# Vets in Kefalonia



## ratzakli (May 20, 2012)

Hi everyone.

Can any of you living in Kefalonia recommend a local vet that we can use when we bring our pets over?

We will be based in the south of the island so somewhere near Katelios or Poros would be ideal. However, we'd be happy to take them to Argostoli if that is the best place.

Thanks


----------



## kefvmr05 (Sep 25, 2012)

ratzakli said:


> Hi everyone.
> 
> Can any of you living in Kefalonia recommend a local vet that we can use when we bring our pets over?
> 
> ...


Try this one its not far from the airport about 40 mins drive from Poros. Hope it helps.

Amanda Micheletti
Svoronata
Nr. Argostoli
Tel. & Fax. 26710-42400
Mobile 6972-759-018


----------



## ratzakli (May 20, 2012)

Thanks for this.

There used to be a vet on the road out of Argostoli on the way to Lassi. It was on the right, about 250 metres up the hill from Napier Gardens. Mind you, that was about 16 years ago. I wonder if he is still there?


----------



## Jolly Roger (Dec 4, 2011)

ratzakli said:


> Thanks for this.
> 
> There used to be a vet on the road out of Argostoli on the way to Lassi. It was on the right, about 250 metres up the hill from Napier Gardens. Mind you, that was about 16 years ago. I wonder if he is still there?
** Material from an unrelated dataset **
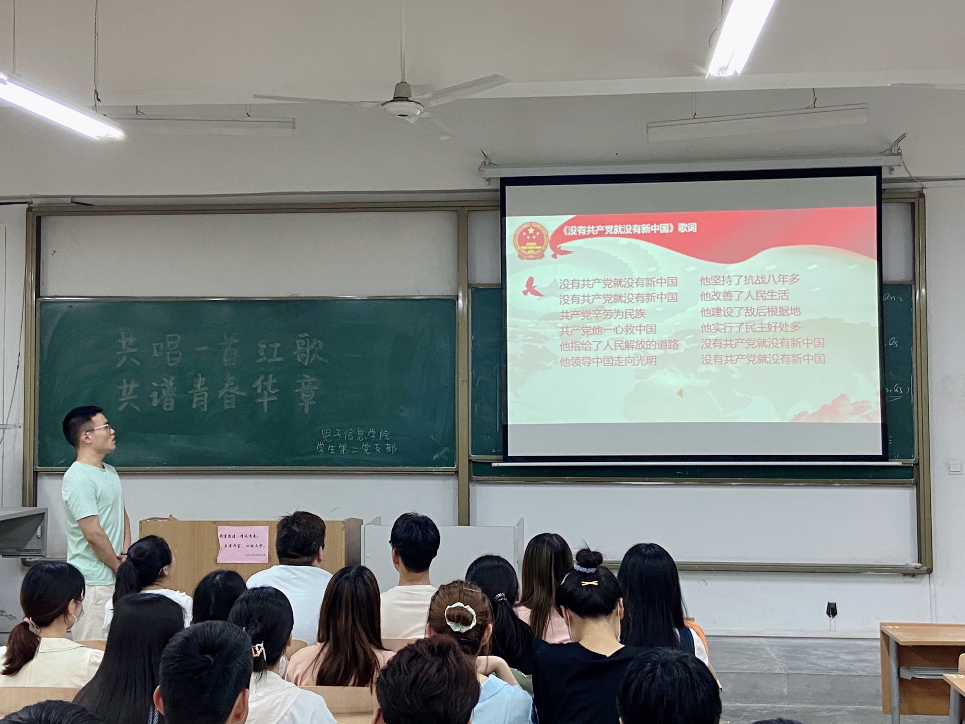 《没有共产党就没有新中国》这首脍炙人口的红歌,表现了在中国共产党的领导下,人民群众追求民主、向往新生活的强烈愿望,它唤起了革命时代的无数中华儿女,反映了中国共产党强大的革命凝聚力,揭示了只有共产党才能救中国这一深刻道理。
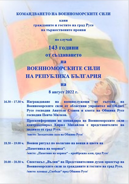 143-годишнината ще бъде отбелязана на 8 август (понеделник) със специална програма. От 16:30 ч. в Заседателната зала на Общината кметът Пенчо Милков ще награди трима военнослужещи от състава на Военноморските сили. След това той ще даде съвместна пресконференция с командира на Военноморските сили контраадмирал Кирил Михайлов и областния управител Анатоли Станев.

There are three good vets all based in or near Argostoli. Amanda has been mentioned above and the other two are.......

Lefteris Psarros (who is the one you remember) and has now moved to near the AVIN petrol station, near Argostoli Industrial Estate.
26710 22540
mobile 6944 764177

Spiradoula Vavasi is just above Napier Gardens on the Lassi Road.
26710 38800
mobile 6970 805740


----------



## ratzakli (May 20, 2012)

Thanks JR

That's another 2 added to the list!!


----------



## gramos (Feb 25, 2013)

*vets*

A second vote for Amanda , 
she is truly wonderful , she looked after our cockers for years she is a compassionate woman and very reasonable .
we could not recommend her highly enough


----------